Piper could be thinking about a number of songs belted out by the throngs that packed Atlanta’s Phillips Arena, normally home to professional basketball and hockey franchises. I considered Chris Tomlin’s “Indescribable”: “All powerful, untamable, awestruck we fall to our knees as we humbly proclaim you are amazing God.” I also recalled one of my favorite songs, “Wholly Yours” by the David Crowder Band: “I am full of earth, you are heaven’s worth; I am stained with dirt, prone to depravity; you are everything that is bright and clean, the antonym of me, you are divinity.”
These songs from Passion artists illustrate the conference’s picture of a transcendent God, untamable and wholly unlike us. With intimate knowledge of our depravity, we respond by falling to our knees—actually at Passion, students are more likely to raise and wave their arms. Those physical acts of worship alone prove that these students don’t act like Baptists from previous generations. As I watched Passion, I couldn’t help but wonder, don’t many of these students attend churches where pastors sound a lot like therapists and teach that God just wants us to do good and feel good about ourselves? Some even attend churches that promise health and wealth for faithful believers. If so, why do these youths sing songs about depravity?
Maybe you can only survive so long on a self-help diet. Eventually you get pretty sick of yourself. A biblical understanding of God—big beyond description, active, perfectly holy—tastes much better than junk-food pop psychology. Imagine that this transcendent God still condescended to save his disobedient people. Because he so loved the world, this God of the universe dressed in flesh and suffered on the cross. Yet he did not stay in that tomb. The power of God raised Jesus Christ, who made a way for us to dwell in the house of the Lord forever if we only believe. Transcendent, yet immanent, he transforms us, and then he employs us in transforming the world to renew his creation. For students at Passion, the biblical picture of God feels new, appealing, and exciting.

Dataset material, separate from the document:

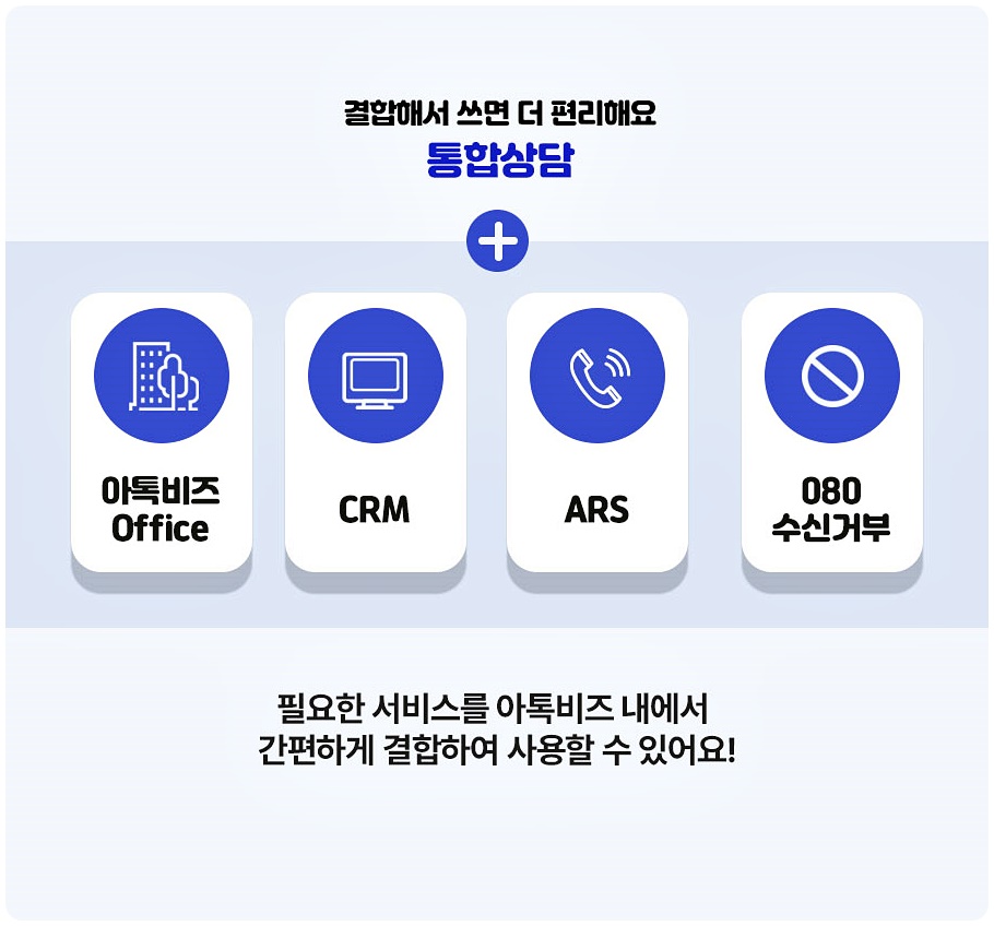 채팅상담 관리와 더불어 다른 솔루션도 필요하다면 복잡하게 여러 프로그램을 사용할 필요 없이 아톡비즈 하나로 모든 기능을 결합해서 사용할 수 있어 편리합니다.

“I do wonder if some of the appeal [of Calvinism] and the trend isn’t a reaction to the watered-down vision of God that’s been portrayed in the evangelical seeker-oriented churches,” Joshua Harris told me. “I’m not trying to knock them, but I just think that there’s such a hunger for the transcendent and for a God who is not just sitting around waiting for us to show up so that the party can get started.”

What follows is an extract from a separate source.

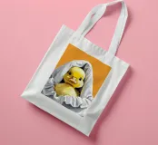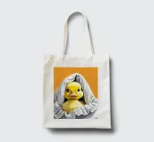 Un simpatico anatroccolo fa capolino da sotto un morbido asciugamano bianco. Le sue soffici piume gialle e i suoi occhi curiosi creano una scena adorabile e affascinante.
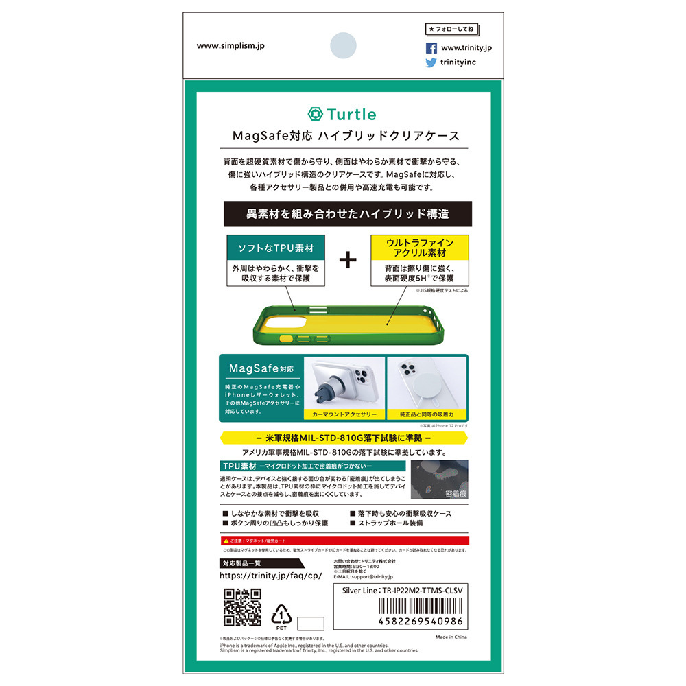 | 商品名 | iPhone 14 / 13 [Turtle] MagSafe対応 ハイブリッドクリアケース TR-IP22M2-TTMS-CLSV |

Many churches geared toward so-called spiritual seekers focus on God’s immanence, his nearness. They talk about a personal relationship with Christ, emphasizing his friendship and reminding audiences that God made us in his image. It all makes sense, because so many baby boomers left churches that felt impersonal and irrelevant. But the culture has shifted. Fewer Americans now claim any church background. Evangelical megachurches, once the upstart challengers, have become the new mainstream. Teenagers who grew up with buddy Jesus in youth group don’t know as much about Father God.

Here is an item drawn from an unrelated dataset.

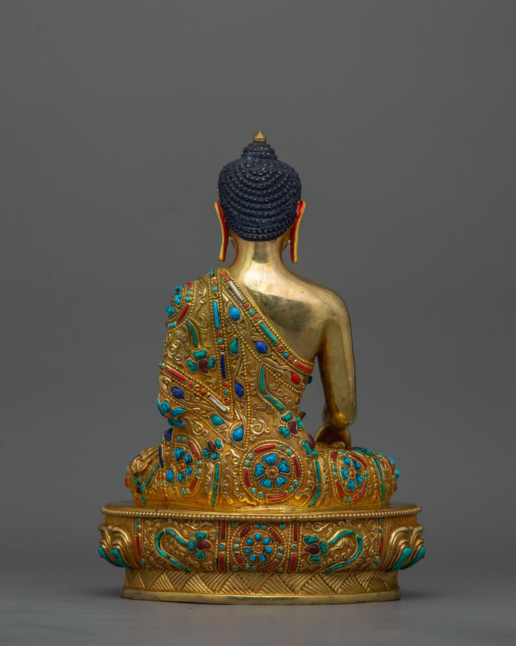 Handmade Shakyamuni Buddha Statue adorned with carved Gemstone
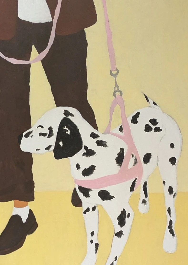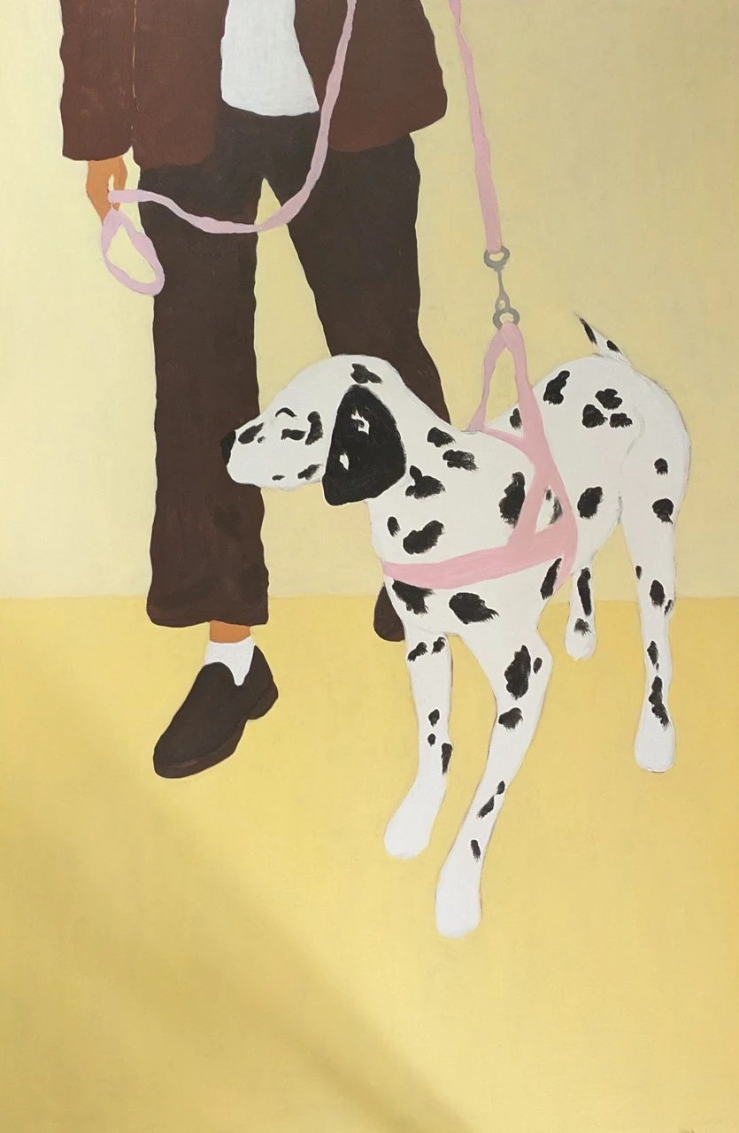 На картина "Идем гулять" изображена девушка с далматинцем.

“We live in a transcendence-starved culture and a transcendence-starved evangelicalism,” said Timothy George, founding dean of Beeson Divinity School in Birmingham, Alabama. “We’ve so dumbed down the gospel and dumbed down worship in a good effort to reach as many people as we can that there’s almost a backlash. It comes from this great hunger for a genuinely God-centered, transcendence-focused understanding of who God is and what God wants us to do and what God has given us in Jesus Christ. All of that resonates deeply with a kind of pastoral Reformed position that Piper articulates so well.”
Indeed, Calvinism puts much stock in transcendence, which draws out biblical themes such as God’s holiness, glory, and majesty. Think of the prophet Isaiah’s vision in Isaiah 6:1: “In the year that King Uzziah died I saw the Lord sitting upon a throne, high and lifted up; and the train of his robe filled the temple.” In Piper’s preaching and Passion’s music, beholding God’s transcendence helps us experience his immanence or nearness. This powerful combination at conferences like Passion blows apart stereotypes of Reformed theology as cold and detached study of God.